_DATASET RECORDS_:
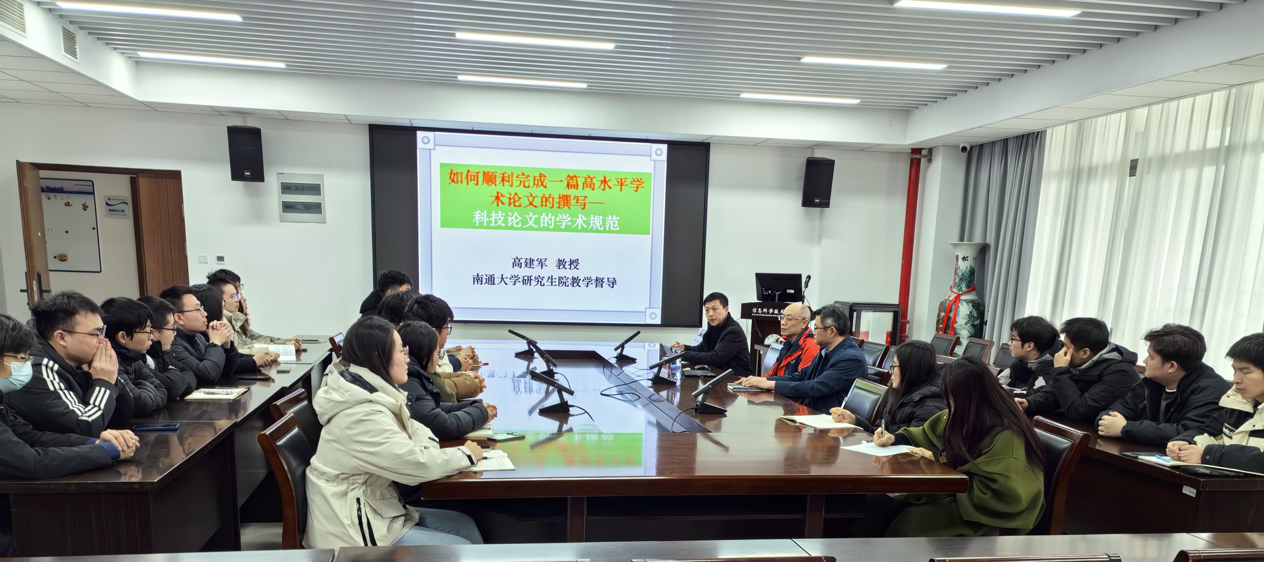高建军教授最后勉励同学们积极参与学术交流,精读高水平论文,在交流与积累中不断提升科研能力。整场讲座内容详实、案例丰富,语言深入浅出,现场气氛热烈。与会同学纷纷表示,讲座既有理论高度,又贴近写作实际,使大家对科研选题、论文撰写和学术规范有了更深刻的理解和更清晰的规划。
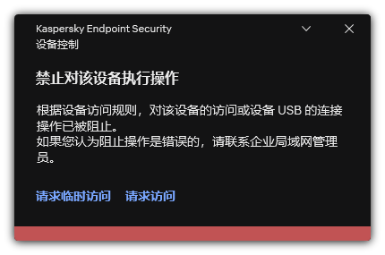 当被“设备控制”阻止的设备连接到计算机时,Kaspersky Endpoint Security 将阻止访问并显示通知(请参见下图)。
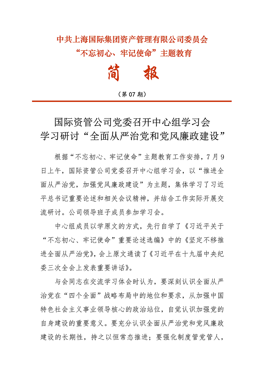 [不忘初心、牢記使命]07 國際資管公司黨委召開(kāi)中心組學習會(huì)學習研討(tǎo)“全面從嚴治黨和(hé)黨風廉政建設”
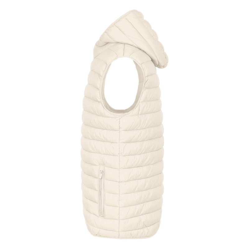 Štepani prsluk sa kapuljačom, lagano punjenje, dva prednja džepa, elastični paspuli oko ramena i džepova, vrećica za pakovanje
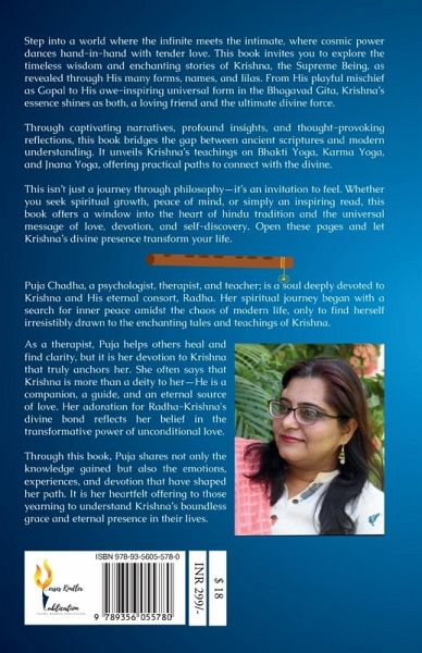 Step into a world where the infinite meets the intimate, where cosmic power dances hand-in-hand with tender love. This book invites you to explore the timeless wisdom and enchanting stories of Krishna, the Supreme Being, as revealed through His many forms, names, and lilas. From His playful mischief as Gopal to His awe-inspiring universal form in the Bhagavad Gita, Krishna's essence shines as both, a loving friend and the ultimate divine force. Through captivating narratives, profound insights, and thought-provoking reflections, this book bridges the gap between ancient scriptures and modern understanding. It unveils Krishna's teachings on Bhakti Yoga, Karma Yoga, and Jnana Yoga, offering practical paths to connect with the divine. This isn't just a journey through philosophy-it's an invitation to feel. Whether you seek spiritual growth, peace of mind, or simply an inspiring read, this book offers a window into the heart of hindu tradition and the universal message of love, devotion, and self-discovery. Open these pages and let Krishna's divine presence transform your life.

_ASSIGNMENT_:
Could you transcribe exactly the entries above, but only the lines from the one with "Endpoint Security 将阻止访问并显示通知(请参见下图)。" through the one with "Štepani prsluk sa", and without pictures?

_EXERCISE ANSWER_:
 当被“设备控制”阻止的设备连接到计算机时,Kaspersky Endpoint Security 将阻止访问并显示通知(请参见下图)。
 [不忘初心、牢記使命]07 國際資管公司黨委召開(kāi)中心組學習會(huì)學習研討(tǎo)“全面從嚴治黨和(hé)黨風廉政建設”
 Štepani prsluk sa kapuljačom, lagano punjenje, dva prednja džepa, elastični paspuli oko ramena i džepova, vrećica za pakovanje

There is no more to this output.